====== Exercise inputs ======

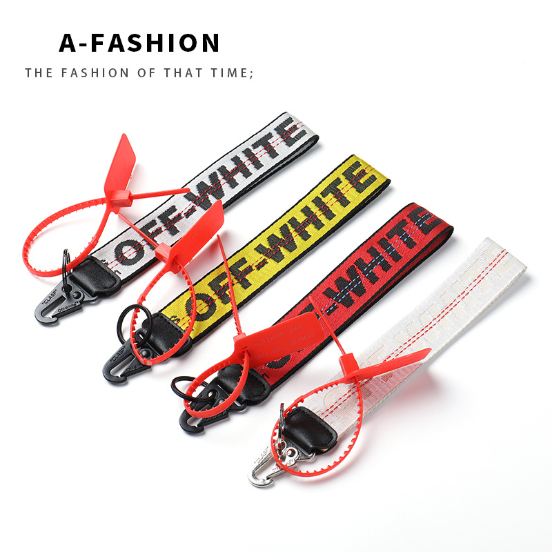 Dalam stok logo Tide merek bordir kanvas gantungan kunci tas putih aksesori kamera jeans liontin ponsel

======
====== Exercise inputs ======

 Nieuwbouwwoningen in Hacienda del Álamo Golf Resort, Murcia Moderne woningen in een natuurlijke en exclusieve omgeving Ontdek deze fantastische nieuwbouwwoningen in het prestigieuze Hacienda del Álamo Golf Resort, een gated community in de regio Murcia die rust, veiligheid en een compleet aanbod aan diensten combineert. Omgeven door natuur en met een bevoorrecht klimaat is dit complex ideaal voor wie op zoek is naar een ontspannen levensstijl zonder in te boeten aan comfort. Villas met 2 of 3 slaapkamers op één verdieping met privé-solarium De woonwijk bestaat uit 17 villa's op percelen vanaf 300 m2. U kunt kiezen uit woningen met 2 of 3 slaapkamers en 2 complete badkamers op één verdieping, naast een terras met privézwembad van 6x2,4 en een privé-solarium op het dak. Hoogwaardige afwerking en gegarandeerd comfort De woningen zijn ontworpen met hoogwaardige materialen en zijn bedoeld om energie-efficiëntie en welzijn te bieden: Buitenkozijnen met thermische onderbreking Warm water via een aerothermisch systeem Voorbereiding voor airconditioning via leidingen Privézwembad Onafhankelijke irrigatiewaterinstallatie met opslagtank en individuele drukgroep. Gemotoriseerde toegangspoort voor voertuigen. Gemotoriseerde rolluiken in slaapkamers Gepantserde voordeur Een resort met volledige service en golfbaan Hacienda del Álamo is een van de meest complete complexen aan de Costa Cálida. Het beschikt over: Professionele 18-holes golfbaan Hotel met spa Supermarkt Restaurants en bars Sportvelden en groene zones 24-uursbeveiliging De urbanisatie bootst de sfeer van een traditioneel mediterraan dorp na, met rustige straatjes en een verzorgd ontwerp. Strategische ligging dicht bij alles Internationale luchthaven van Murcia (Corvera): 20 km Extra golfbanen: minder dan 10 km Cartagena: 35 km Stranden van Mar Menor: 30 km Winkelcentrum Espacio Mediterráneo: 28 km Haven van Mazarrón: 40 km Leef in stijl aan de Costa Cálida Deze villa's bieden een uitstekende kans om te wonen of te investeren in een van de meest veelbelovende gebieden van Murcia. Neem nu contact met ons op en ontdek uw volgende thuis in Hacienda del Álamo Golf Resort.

======
====== Exercise inputs ======

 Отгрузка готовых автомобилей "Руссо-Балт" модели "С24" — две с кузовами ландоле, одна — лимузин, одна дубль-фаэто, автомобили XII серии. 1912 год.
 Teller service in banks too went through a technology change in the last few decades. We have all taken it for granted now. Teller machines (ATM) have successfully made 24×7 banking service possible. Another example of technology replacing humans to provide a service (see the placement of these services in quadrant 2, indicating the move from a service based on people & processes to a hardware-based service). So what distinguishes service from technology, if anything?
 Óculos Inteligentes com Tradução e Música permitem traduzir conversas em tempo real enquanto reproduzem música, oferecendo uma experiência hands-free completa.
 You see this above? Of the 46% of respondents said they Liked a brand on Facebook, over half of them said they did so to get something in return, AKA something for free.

======

• **Aim of the task**
Check each line of the entries, and copy the ones that contain "free".

• **Result of this task**
 Óculos Inteligentes com Tradução e Música permitem traduzir conversas em tempo real enquanto reproduzem música, oferecendo uma experiência hands-free completa.
 You see this above? Of the 46% of respondents said they Liked a brand on Facebook, over half of them said they did so to get something in return, AKA something for free.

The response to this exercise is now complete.